Wednesday, July 30, 2008

Grass Roots Traditions
Featuring Mose Tolliver


August 7, 2008-September 6th, 2008
Opening Reception, Thursday Evening August 7th, 6-10pm

Essie Green Galleries exhibits the works of one of the most acclaimed artists of the folk art tradition, Mose Tolliver. The exhibition is entitled: Grass Roots Traditions.
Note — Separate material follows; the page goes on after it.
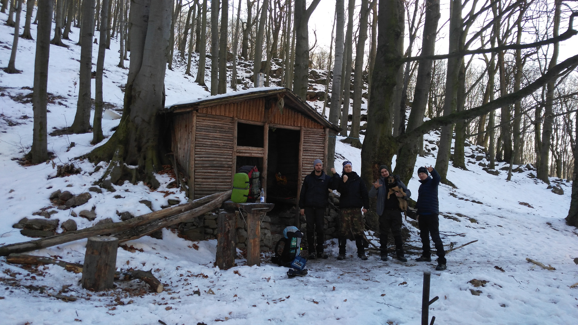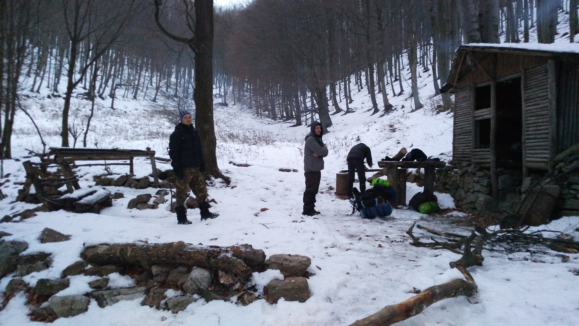 Útulnička je malá, no prekvapujúco luxusná. Ide o kamennú pivničku zapustenú do svahu a obohatenú o drevenú predsieň. Vo vnútri je vymurovaný kamenný krb, vonku sú opreté pílky na drevo, zima nám nebude. Zvláčame drevo, rozkladáme oheň. Sušíme veci, ohrievame nohy. Varíme čaj na Paľovom variči. Zo stola zmetieme mišačince a chystáme hostinu v podobe pečených klobás, cibule, cesnaku. Vonku fúka mrazivý víchor a tak sme radi, ako sme dnes dopadli. Paľo konštatuje: "To je vec ten oheň. Kto to vymyslel?" Chvíľu sa cítime ako zlatokopi na Klondajku. V predsieni začínajú vystrájať myši a Tibor im hádže kus chleba, aby v noci dali pokoj. Dona drichme v kúte a myši má na háku.

Mose Tolliver is major contributor to the American visual arts tradition. Born the son of a sharecropper in the segregated south, Tolliver barely finished third grade. Instead, he preferred to work with his hands as a gardener and later as a mover for a furniture company. In the 1960’s an unfortunate accident left Mose partially disabled. Art became his therapy which aided Tolliver out of a depression prompted by his injury. He began painting with house paint on any surface ranging from furniture to metal trays. He became most known for his playful animals and self-portraits.

Mose Tolliver’s whimsical, deeply personal, and mysterious paintings have made him one of the most significant American folk artists. Dr. Robert Bishop, the Director of Museum Folk Art said of Tolliver’s paintings: “You can hang him beside a Picasso, and you have the same kind of creativity and deep personal vision.” He remains today an influential figure of the southern self-taught art tradition.

Folk Art generally is considered to be a representation of a traditional way of life. One could say that the value of Black folk art can be attributed to its ability to keep alive at a grass roots level vital Black American traditions, which also contributes to the kaleidoscope of American cultural and visual experiences.

In the last few decades Folk Art has proven to be an accepted and admired art form, with increasing exponential sales in both Christie’s and Sotheby’s Auction Houses. The self-taught artists of this form have become respected members of the art community, so much so that many of them are considered to have greatly influenced other contemporary artists. Black folk art has been a visual arts tradition in America for over 400 years, having ties which reach back to a distant African past.

Essie Green Galleries is honored to present an exhibition of Mose Tolliver’s master works and is certainly one of a few and possibly the only black owned gallery with an extensive black folk art collection.